Effect of the humidity on the transient current and on the conductivity of a DNA bundle. Data recorded at 21 °C (±1 °C overall fluctuation) for different humidity levels (relative humidity ±0.2% for each curve). The relative humidity was decreased from 75 to 45% in 6 h. a Transient current through a DNA bundle for different humidity conditions. The recording were obtained for a 5-V step. The dotted lines are guides for the eye. b Exponential decrease of the current with decreasing humidity. The curve is an exponential fit. (Reprinted with permission of the Biophysical Society from Yamahata et al. [30].)

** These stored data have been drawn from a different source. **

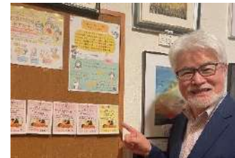
早速チケットのご寄付をいただきました。

「今月お財布がピンチ！」「今月は誰かに恩を送ってみよう！」 「なんだか誰かを笑顔にしたい気分…！」そんなときには「お互いさまチケット」！ 仕組みを導入している店舗・企業へ行けば、見知らぬ誰かの為に恩送りができたり、無料もしくは低価格で商品を購入したり、サービスを受けたりすることができます。自分自身が恩を受けることも、他の人へ恩を送ることもできる下記の取り組みが、福島そして日本をもっともっと豊かな街へ変えてくれると夢見ています。 縁のお互いさまチケットは、1,000円と5,000円の2種類。整体・商品購入に使えます。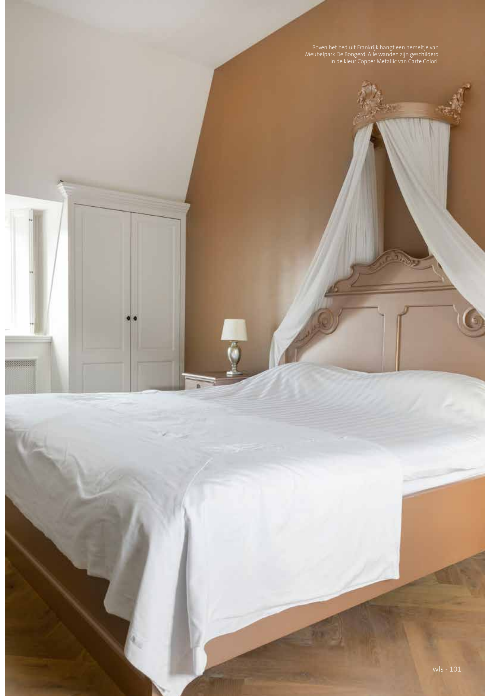
Boven het bed uit Frankrijk hangt een hemeltje van Meubelpark De Bongerd. Alle wanden zijn geschilderd in de kleur Copper Metallic van Carte Colori.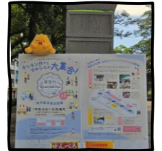
리버사이드 페스티벌 안내

또한, 봄에는 만개한 벚나 무가 있는 멋진 꽃놀이 장소이기도 합니다. 그 외에도 한 달에 한 번 주말에 열리는 리버사이드 페스티벌이나 봄가을에만 열리는 「나무시장」 등 다양한 이벤트가 열리는 곳이기도 하답니다!♪

The increase of σ is mainly caused by the increase of permittivity ɛ with the relative humidity [75, 76]. Several authors attempted to model the charge transfer in the DNA–water complex and considered this system as a heterogeneous dielectric medium consisting of different regions with different dielectric permittivities [7779]. These authors proposed that DNA in solution has different dielectric zones [79]: the nucleobase, the bases and sugar–phosphate backbone, the bound-water zone (3 Å thick) adjacent to the surface of the DNA fragment (ɛ 1), and the bulk water zone (ɛ 2). Yamahata et al. considered that there is space (definitely much more than 3 Å) between each DNA strand in the bundle: the bundle is a spongelike material rather than a compact assembly of DNA molecules, and the water molecules can penetrate within the bundle. This is consistent with the fact that the current varies linearly with the cross section. Indeed, this dependence shows that the conductivity does not only occur at the surface of the DNA bundle, but also comes from the contribution of each DNA strand inside the bundle. Hence, Yamahata et al. concluded that in their case the global dielectric constant was a function of ɛ 1 and ɛ 2, which both depend on the relative humidity.

Conclusions

In summary, MEMS-based microsystems have a wide range of possibilities to serve as powerful tools in manipulating and analyzing biomaterials at the molecular level. The miniaturization of experimental tools achieved a fast response speed of a thermodevice which realized rapid temperature alternation in biological experiments. Trapping DNA in a microchannel realized isolation and immobilization on electrodes at the single DNA molecule level. Silicon-based microtweezers enabled us to analyze the humidity dependence of charge transport through DNA. These microdevices with MEMS technologies have additional advantages such as batch process for mass production by a batch process and on-chip integration of multifunctions. This may increase the efficiency of bioexperiments which requires a large number of data and experiments. Furthermore, this approach requires no biological mutations or chemical treatments to the biomaterial itself; hence, it is widely applicable and the compact devices also allow samples to be analyzed at the point of need. We strongly believe that the approach to design and manufacture MEMS devices based on requirements in single molecule measurements might provide breakthroughs and powerful tools in molecular biology.